[Collection entries]
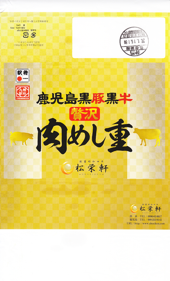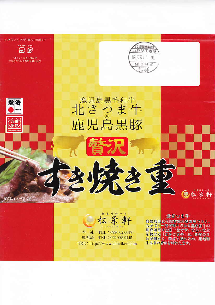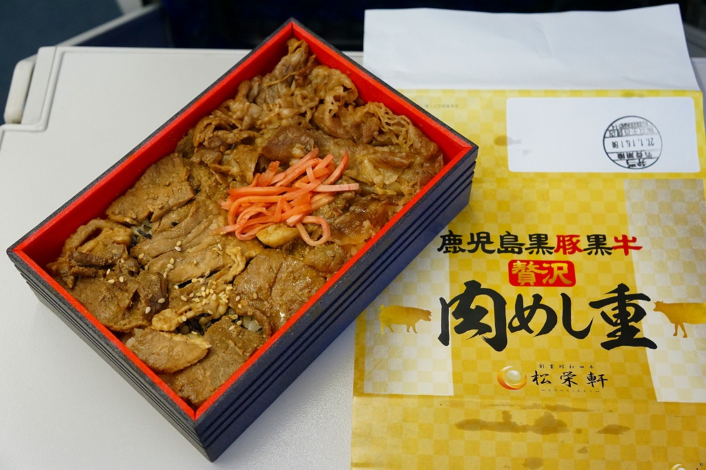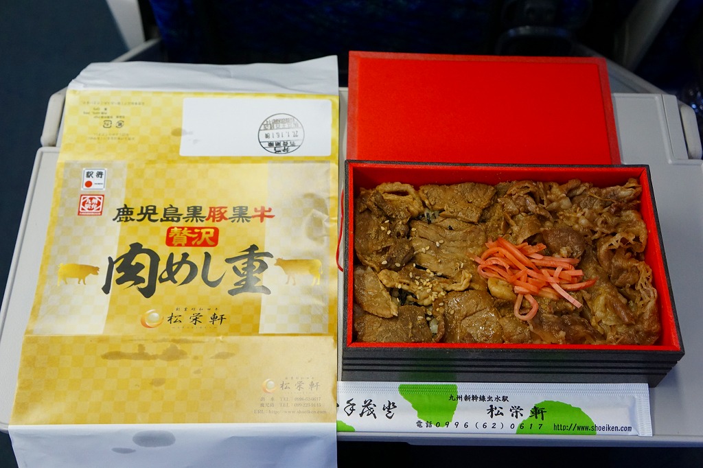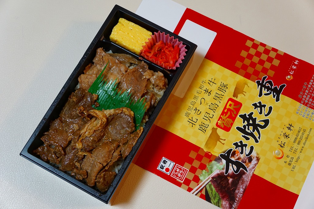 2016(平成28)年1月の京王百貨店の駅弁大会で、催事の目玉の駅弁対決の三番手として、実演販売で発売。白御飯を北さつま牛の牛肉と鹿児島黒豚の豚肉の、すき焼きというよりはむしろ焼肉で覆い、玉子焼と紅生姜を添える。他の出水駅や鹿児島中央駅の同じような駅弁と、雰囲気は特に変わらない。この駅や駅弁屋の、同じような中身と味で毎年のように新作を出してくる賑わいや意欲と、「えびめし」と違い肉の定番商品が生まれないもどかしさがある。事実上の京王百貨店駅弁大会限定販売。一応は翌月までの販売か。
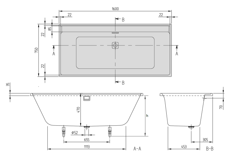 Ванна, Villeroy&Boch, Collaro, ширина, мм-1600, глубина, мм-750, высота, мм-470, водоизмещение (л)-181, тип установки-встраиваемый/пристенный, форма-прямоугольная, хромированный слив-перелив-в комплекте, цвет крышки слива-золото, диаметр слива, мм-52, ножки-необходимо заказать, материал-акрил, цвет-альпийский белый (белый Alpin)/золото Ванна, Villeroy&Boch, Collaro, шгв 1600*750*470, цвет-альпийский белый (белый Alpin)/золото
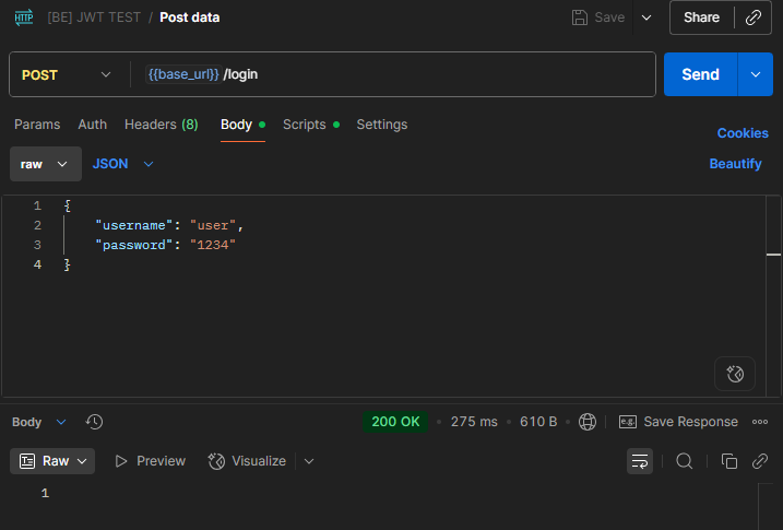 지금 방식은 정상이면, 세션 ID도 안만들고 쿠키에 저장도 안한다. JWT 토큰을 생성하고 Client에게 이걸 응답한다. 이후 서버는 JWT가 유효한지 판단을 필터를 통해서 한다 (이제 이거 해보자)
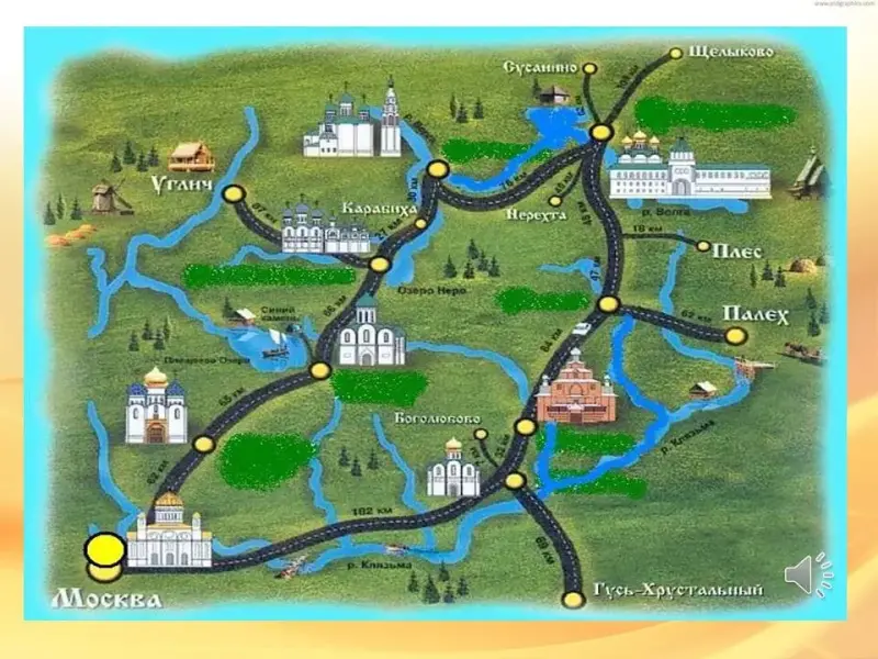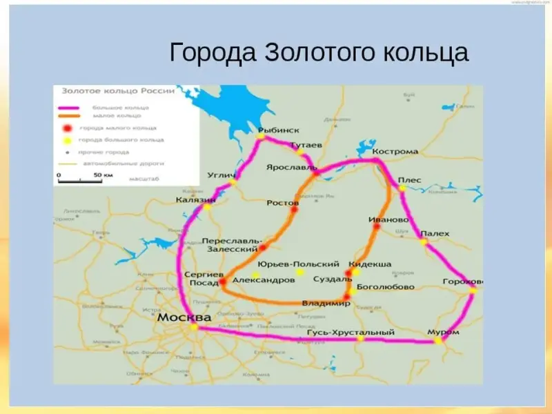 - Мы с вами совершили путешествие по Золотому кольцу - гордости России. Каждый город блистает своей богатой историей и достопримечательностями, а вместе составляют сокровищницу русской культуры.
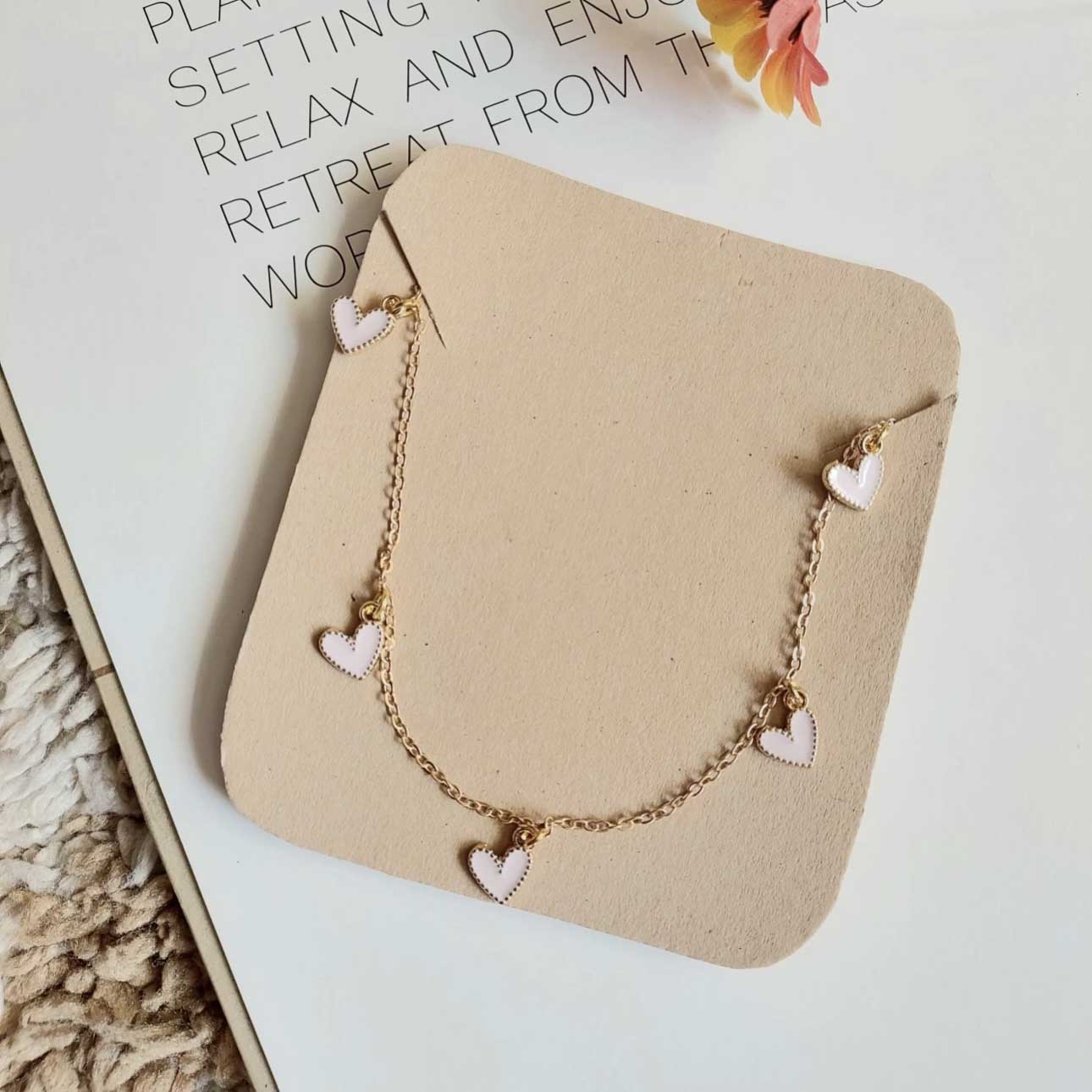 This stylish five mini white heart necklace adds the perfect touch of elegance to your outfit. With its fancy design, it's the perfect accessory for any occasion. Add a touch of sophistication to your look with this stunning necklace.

EXERCISE: Only the text of the records is to be reproduced exactly; skip the pictures.

REPLY TO THE EXERCISE:
 2016(平成28)年1月の京王百貨店の駅弁大会で、催事の目玉の駅弁対決の三番手として、実演販売で発売。白御飯を北さつま牛の牛肉と鹿児島黒豚の豚肉の、すき焼きというよりはむしろ焼肉で覆い、玉子焼と紅生姜を添える。他の出水駅や鹿児島中央駅の同じような駅弁と、雰囲気は特に変わらない。この駅や駅弁屋の、同じような中身と味で毎年のように新作を出してくる賑わいや意欲と、「えびめし」と違い肉の定番商品が生まれないもどかしさがある。事実上の京王百貨店駅弁大会限定販売。一応は翌月までの販売か。
 Ванна, Villeroy&Boch, Collaro, ширина, мм-1600, глубина, мм-750, высота, мм-470, водоизмещение (л)-181, тип установки-встраиваемый/пристенный, форма-прямоугольная, хромированный слив-перелив-в комплекте, цвет крышки слива-золото, диаметр слива, мм-52, ножки-необходимо заказать, материал-акрил, цвет-альпийский белый (белый Alpin)/золото Ванна, Villeroy&Boch, Collaro, шгв 1600*750*470, цвет-альпийский белый (белый Alpin)/золото
 지금 방식은 정상이면, 세션 ID도 안만들고 쿠키에 저장도 안한다. JWT 토큰을 생성하고 Client에게 이걸 응답한다. 이후 서버는 JWT가 유효한지 판단을 필터를 통해서 한다 (이제 이거 해보자)
 - Мы с вами совершили путешествие по Золотому кольцу - гордости России. Каждый город блистает своей богатой историей и достопримечательностями, а вместе составляют сокровищницу русской культуры.
 This stylish five mini white heart necklace adds the perfect touch of elegance to your outfit. With its fancy design, it's the perfect accessory for any occasion. Add a touch of sophistication to your look with this stunning necklace.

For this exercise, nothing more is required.